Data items
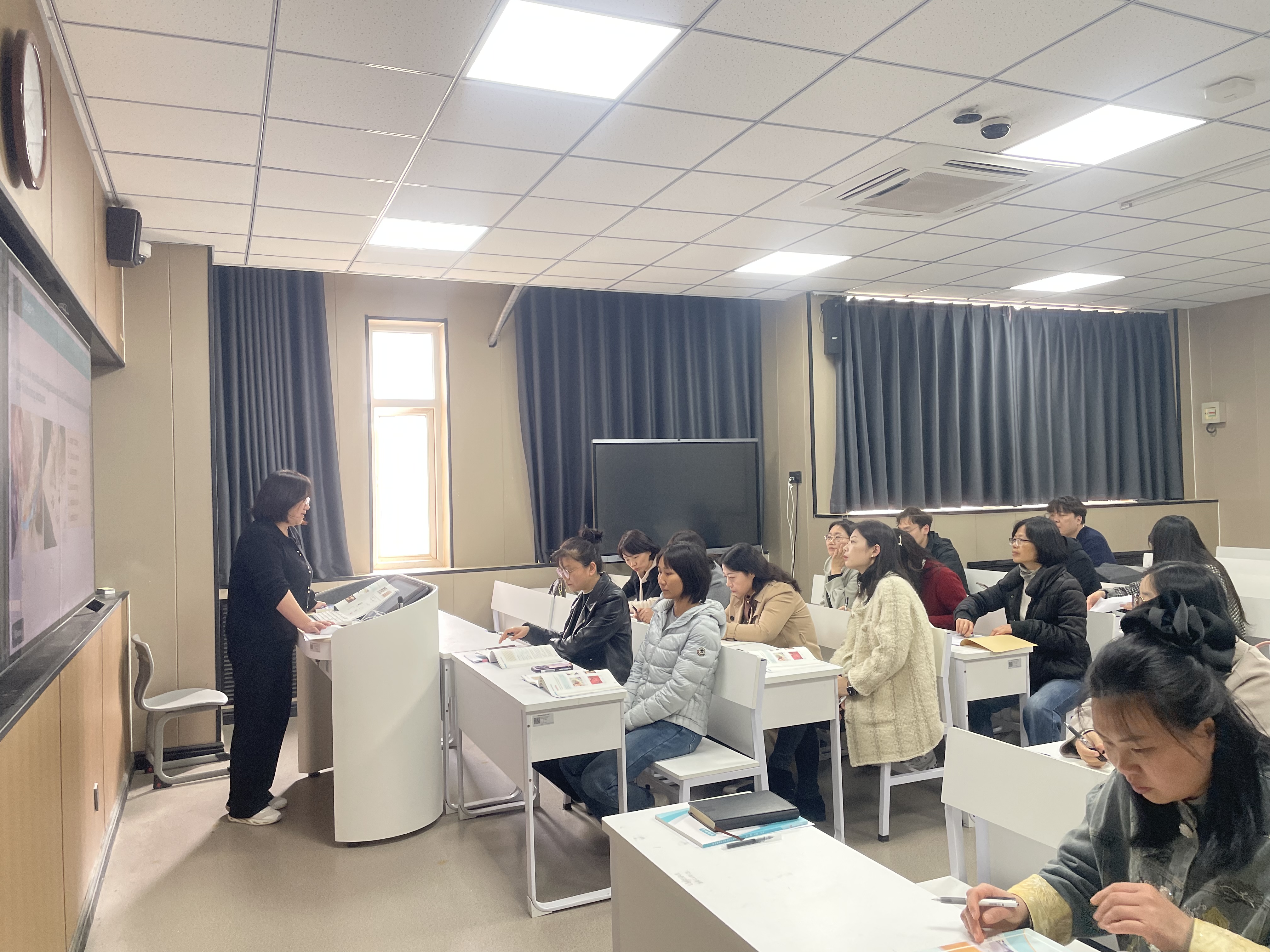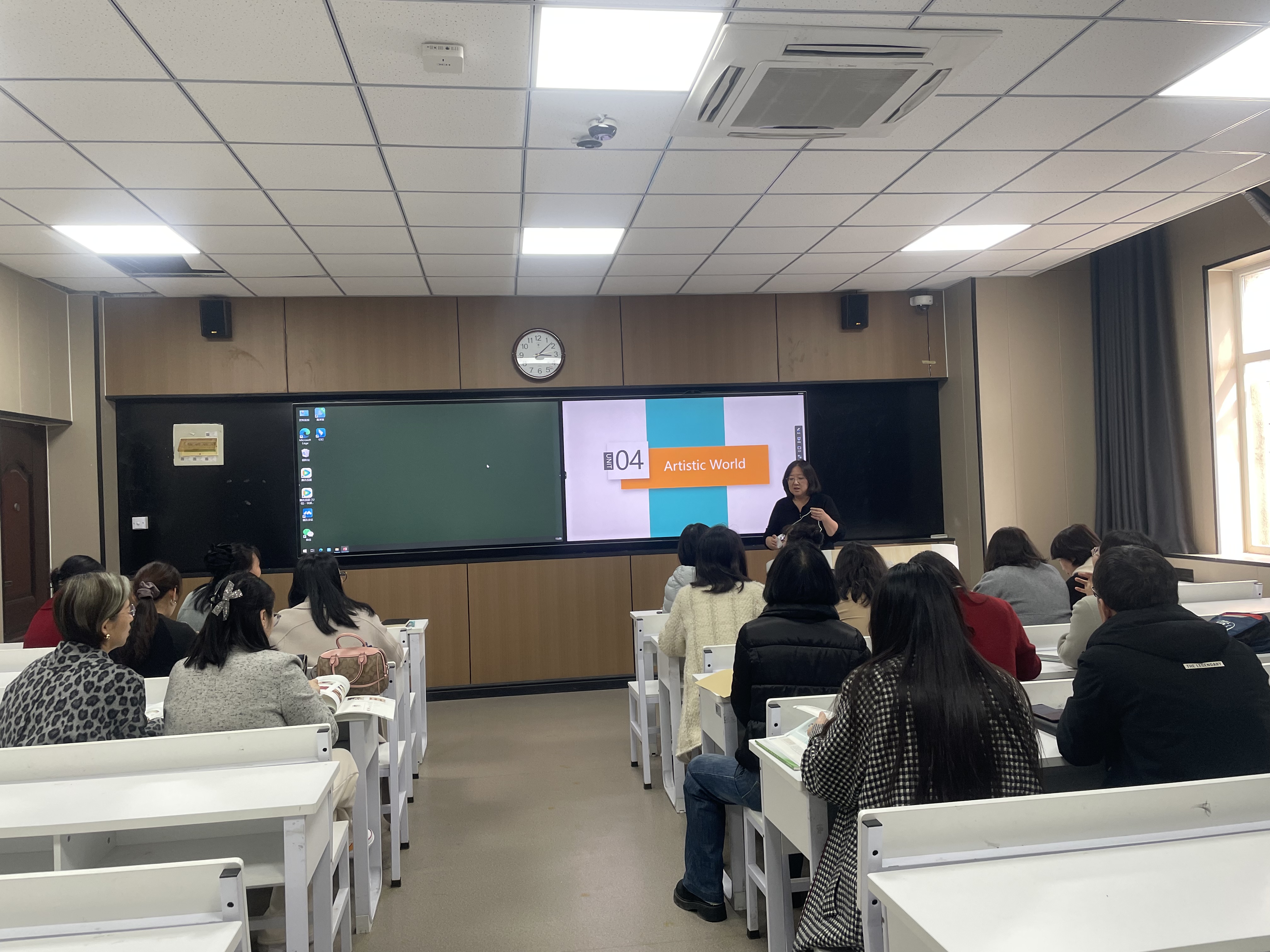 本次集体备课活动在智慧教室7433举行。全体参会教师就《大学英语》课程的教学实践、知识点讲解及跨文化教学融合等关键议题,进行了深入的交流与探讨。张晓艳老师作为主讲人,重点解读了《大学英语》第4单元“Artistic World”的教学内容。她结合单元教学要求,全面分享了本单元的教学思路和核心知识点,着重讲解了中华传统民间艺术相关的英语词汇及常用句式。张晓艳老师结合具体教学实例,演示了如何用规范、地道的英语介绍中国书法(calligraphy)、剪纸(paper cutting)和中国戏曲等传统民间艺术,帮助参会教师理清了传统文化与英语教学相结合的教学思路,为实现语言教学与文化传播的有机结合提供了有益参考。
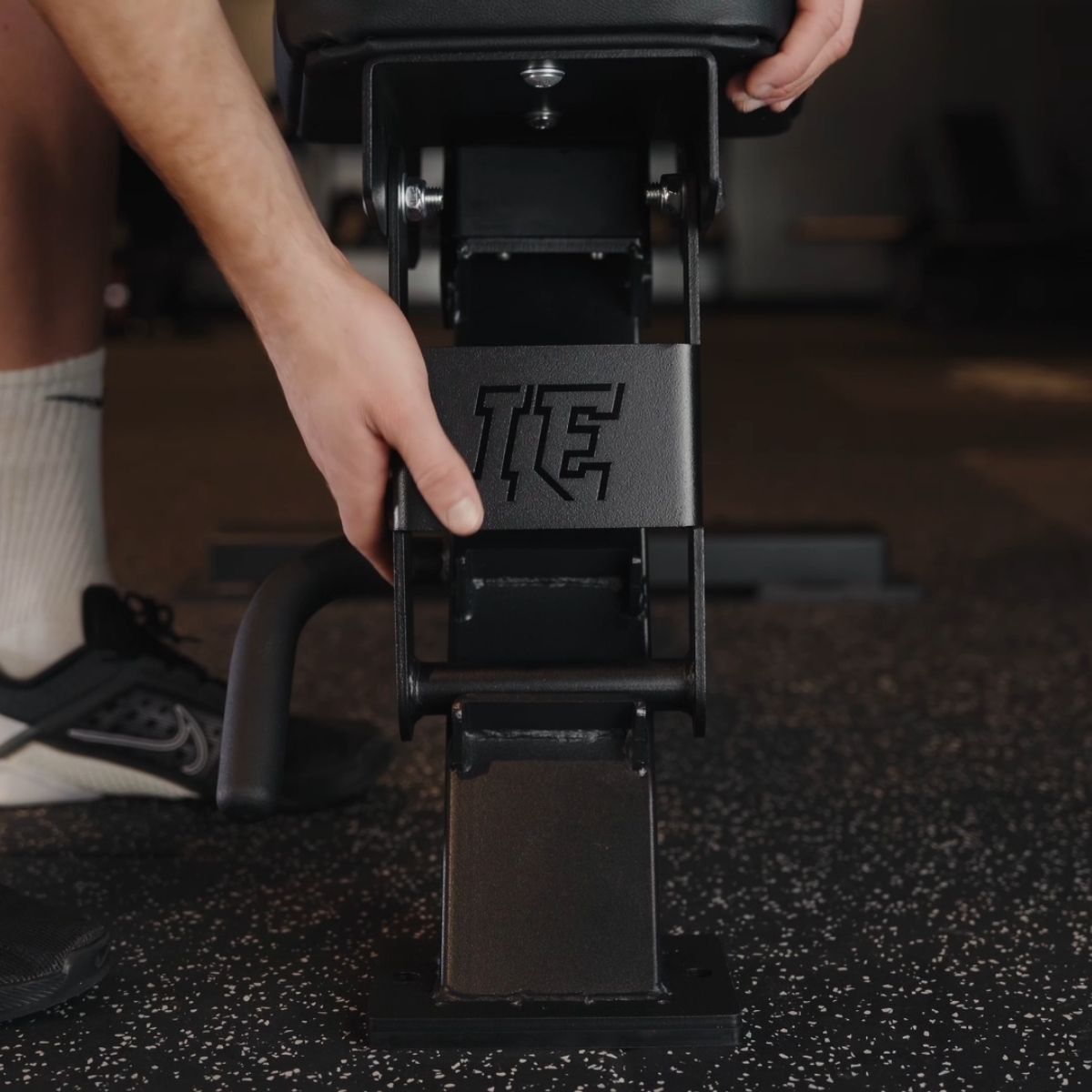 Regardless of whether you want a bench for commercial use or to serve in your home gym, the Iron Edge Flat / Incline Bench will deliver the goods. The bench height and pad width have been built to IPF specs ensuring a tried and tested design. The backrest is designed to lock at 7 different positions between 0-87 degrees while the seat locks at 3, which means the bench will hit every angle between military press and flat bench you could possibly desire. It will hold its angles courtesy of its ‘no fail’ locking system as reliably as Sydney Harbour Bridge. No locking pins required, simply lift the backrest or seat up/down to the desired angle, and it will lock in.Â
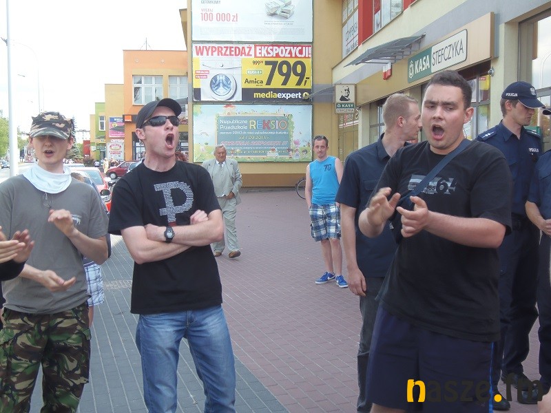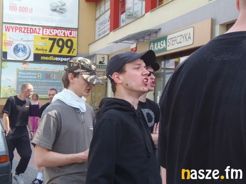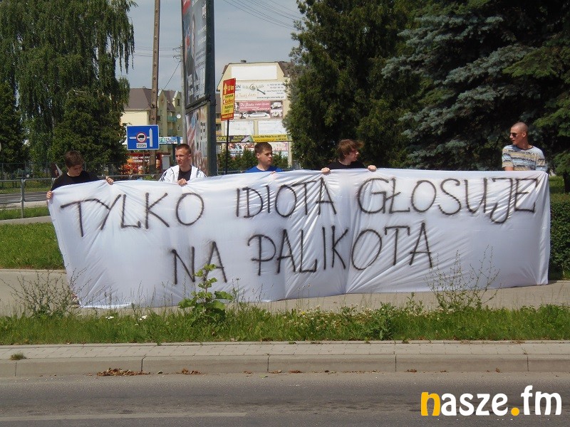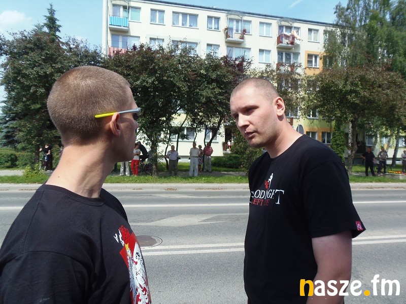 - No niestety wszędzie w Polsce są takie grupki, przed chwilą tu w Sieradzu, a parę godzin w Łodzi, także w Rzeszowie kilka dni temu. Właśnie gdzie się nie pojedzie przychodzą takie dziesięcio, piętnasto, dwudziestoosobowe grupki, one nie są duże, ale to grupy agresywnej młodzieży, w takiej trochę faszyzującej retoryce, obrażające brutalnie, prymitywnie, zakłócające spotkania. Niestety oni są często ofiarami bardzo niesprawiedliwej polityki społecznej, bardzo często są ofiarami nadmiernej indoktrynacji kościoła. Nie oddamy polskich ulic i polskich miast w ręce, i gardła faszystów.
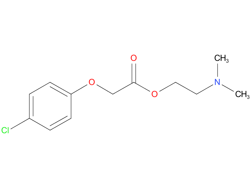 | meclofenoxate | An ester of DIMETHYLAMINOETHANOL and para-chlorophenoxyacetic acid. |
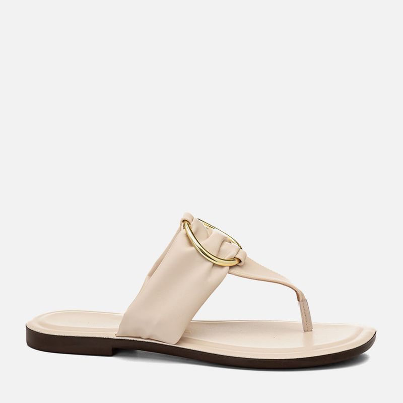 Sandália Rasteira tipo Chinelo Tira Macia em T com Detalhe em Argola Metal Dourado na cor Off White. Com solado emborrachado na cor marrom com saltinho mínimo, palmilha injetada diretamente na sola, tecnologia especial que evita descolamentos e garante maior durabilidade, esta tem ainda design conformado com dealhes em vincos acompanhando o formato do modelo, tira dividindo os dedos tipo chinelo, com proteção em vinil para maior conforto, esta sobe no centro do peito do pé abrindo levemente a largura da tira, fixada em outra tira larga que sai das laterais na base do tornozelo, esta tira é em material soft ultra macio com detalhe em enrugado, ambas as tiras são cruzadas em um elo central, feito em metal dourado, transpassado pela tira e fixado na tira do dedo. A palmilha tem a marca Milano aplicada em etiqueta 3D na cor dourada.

EXERCISE:
Could you set down, exactly as written, every line from the start of the records above through the line containing "Regardless of whether", leaving the pictures out?

ANSWER FOR THE TASK:
 本次集体备课活动在智慧教室7433举行。全体参会教师就《大学英语》课程的教学实践、知识点讲解及跨文化教学融合等关键议题,进行了深入的交流与探讨。张晓艳老师作为主讲人,重点解读了《大学英语》第4单元“Artistic World”的教学内容。她结合单元教学要求,全面分享了本单元的教学思路和核心知识点,着重讲解了中华传统民间艺术相关的英语词汇及常用句式。张晓艳老师结合具体教学实例,演示了如何用规范、地道的英语介绍中国书法(calligraphy)、剪纸(paper cutting)和中国戏曲等传统民间艺术,帮助参会教师理清了传统文化与英语教学相结合的教学思路,为实现语言教学与文化传播的有机结合提供了有益参考。
 Regardless of whether you want a bench for commercial use or to serve in your home gym, the Iron Edge Flat / Incline Bench will deliver the goods. The bench height and pad width have been built to IPF specs ensuring a tried and tested design. The backrest is designed to lock at 7 different positions between 0-87 degrees while the seat locks at 3, which means the bench will hit every angle between military press and flat bench you could possibly desire. It will hold its angles courtesy of its ‘no fail’ locking system as reliably as Sydney Harbour Bridge. No locking pins required, simply lift the backrest or seat up/down to the desired angle, and it will lock in.Â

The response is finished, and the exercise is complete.